The Crescenta Valley is currently an extremely pleasant place to live. It’s a fairly uncrowded, predominantly single-family community, with great schools and a small-town feel. But increasing pressure from developers looms.

Two hundred and sixty-nine condos are slated to take the place of Verdugo Golf Course; Oakview Convalescent Hospital will be demolished for multi-family homes; Rock Haven Sanitarium will be closing next month, and will most likely be developed for housing.

Now Mountain Oaks, a 40-acre wooded area behind Crescenta Valley Park, is being proposed for condos and a private school.

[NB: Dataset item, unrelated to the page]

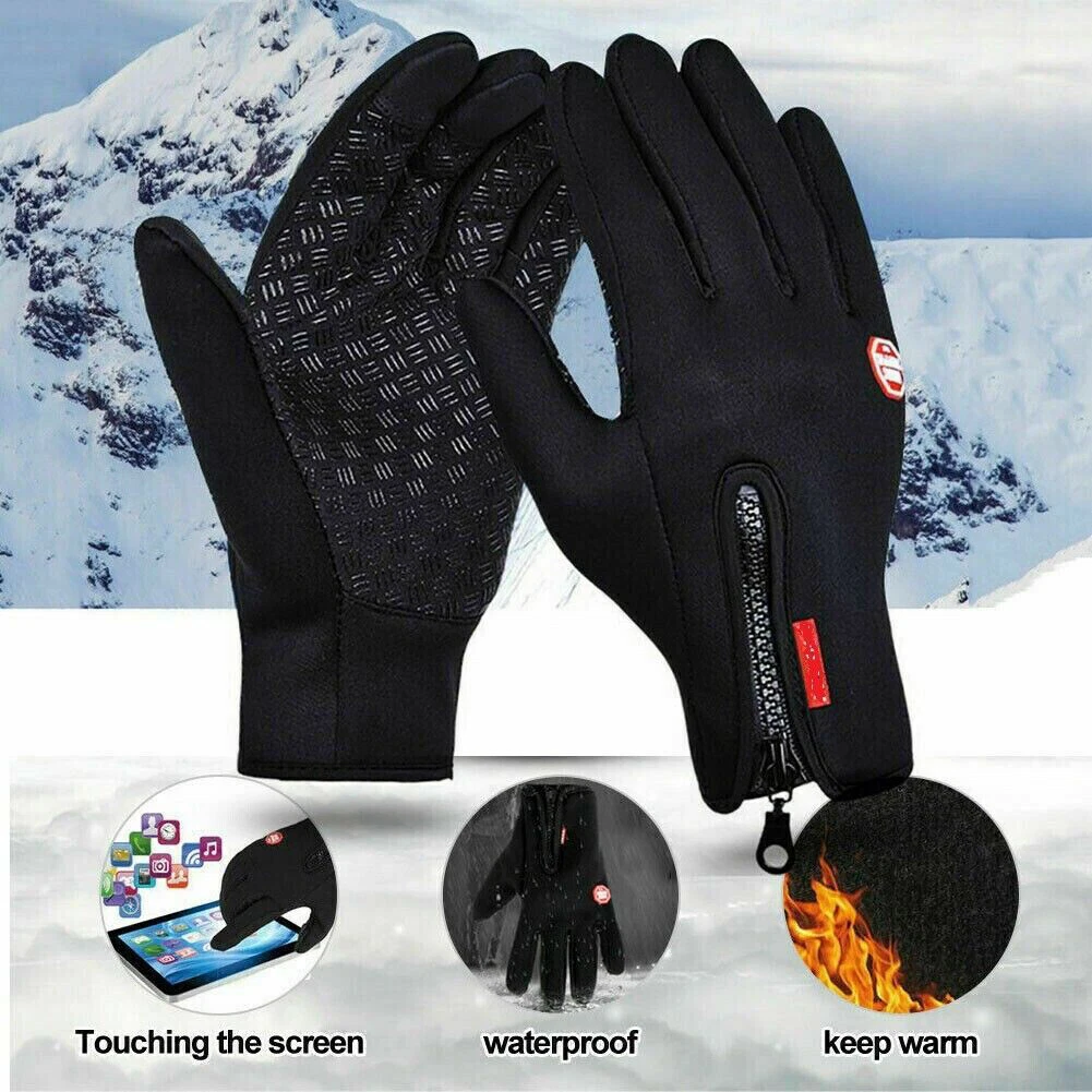 Thick warm antiskid touch screen gloves, the gloves keep your hands warm enough to protect your hands from cold days. High sensitivity touch screen, you can touch screen of your smart phone or tablet and no need for taking off gloves in the cold weather. Anti-splashing water and windproof, our winter gloves are made of the fabrics slightly windproof, warmth and breathable characteristics and sweat absorbent material. Anti-splashing water design (Not Really Waterproof), it is slightly waterproof, can not used on underwater or heavy rain days. Anti-slip design on the palm patches and fingers for a better grip to prevent your hands skid when you driving or cycling or hold something else, abrasion resistant and anti-skid, offering better use experience for work. On the back of the gloves has a zipper, so you can adjust the sizes to fit your hands comfortably. Anti-lost buckle design, prevent the loss, convenient and practical. Perfect for cold winter casual, riding, driver, hiking, running, cycling, snow, landscaping, DIY projects, cross-Country skiing, snowmobile and other winter outdoor activities.

The entire “rose” of Montrose is zoned for multi-family development, from La Crescenta Avenue east to the La Cañada Flintridge border, and from Honolulu Avenue north to Foothill Boulevard. On nearly every street in this area, one can find an apartment under construction.

The impact of this growth is beginning to be felt. Anyone who has children here knows that currently our schools are maxed out, with no room for expansion. Our water bills contain warnings to conserve, as water supplies dwindle. Few would deny that noise, traffic congestion and visual blight have increased.

The Crescenta Valley now stands at a crossroad. We can go the way of La Cañada, where restrictions on multi-family construction have kept housing prices and quality of life high, or we can go the way of South Glendale, where decades of unfettered development created a nightmarish gridlock of traffic and crowds.

Recently an overbuilt and poorly designed three-story apartment building went up on Florencita Avenue, a quiet street of mostly single-family homes.

The structure, built over the legal height-limit and way out of scale to this quiet street, focused attention on the preservation of the single-family home. The county of Los Angeles agreed to do a study to see if the residents of Crescenta Valley wanted a change in zoning in the unincorporated portion of Crescenta Valley that is zoned for high-density. Crescenta Valley Heritage responded by proposing that six small single-family neighborhoods that are within the high-density zoning be downzoned. Some property owners want no restrictions at all. The county wants your opinion.

During the period of the study, the county is requiring developers to show their plans to the neighborhoods they will be building in. This is the conditional-use permit that has been talked about lately. When it expires, developers will be able to build whatever they want, in whatever style they want, without any input from the community, just like they did before.

Investors and developers have been telling us recently that downzoning will lower property values. Logically, this doesn’t fly. If there’s more housing units available, the prices go down. If there’s less units available, the price will go up. It’s simple economics. What will definitely lower prices are overcrowded schools, traffic congestion and noise.

The county of Los Angeles will hold its last public meeting to gather public comment at 6 p.m. on Sept. 7 at Rosemont Middle School. The direction the county takes will be determined by who shows up at that meeting. This meeting is critical. We know the developers and real-estate investors will be there to oppose any thought of preserving single-family neighborhoods. If you feel differently, you need to be there too.

Whether you live in unincorporated Montrose, Sparr Heights (Glendale), La Crescenta or La Cañada, you will be impacted by development. You are a county resident and have a say as to how the valley will grow, be it through some master plan or a continued conditional-use permit. Let your voice be heard. It is rational, not rampant, growth that will preserve the best of the Crescenta Valley.


  • MIKE LAWLER
  • is a La Crescenta resident.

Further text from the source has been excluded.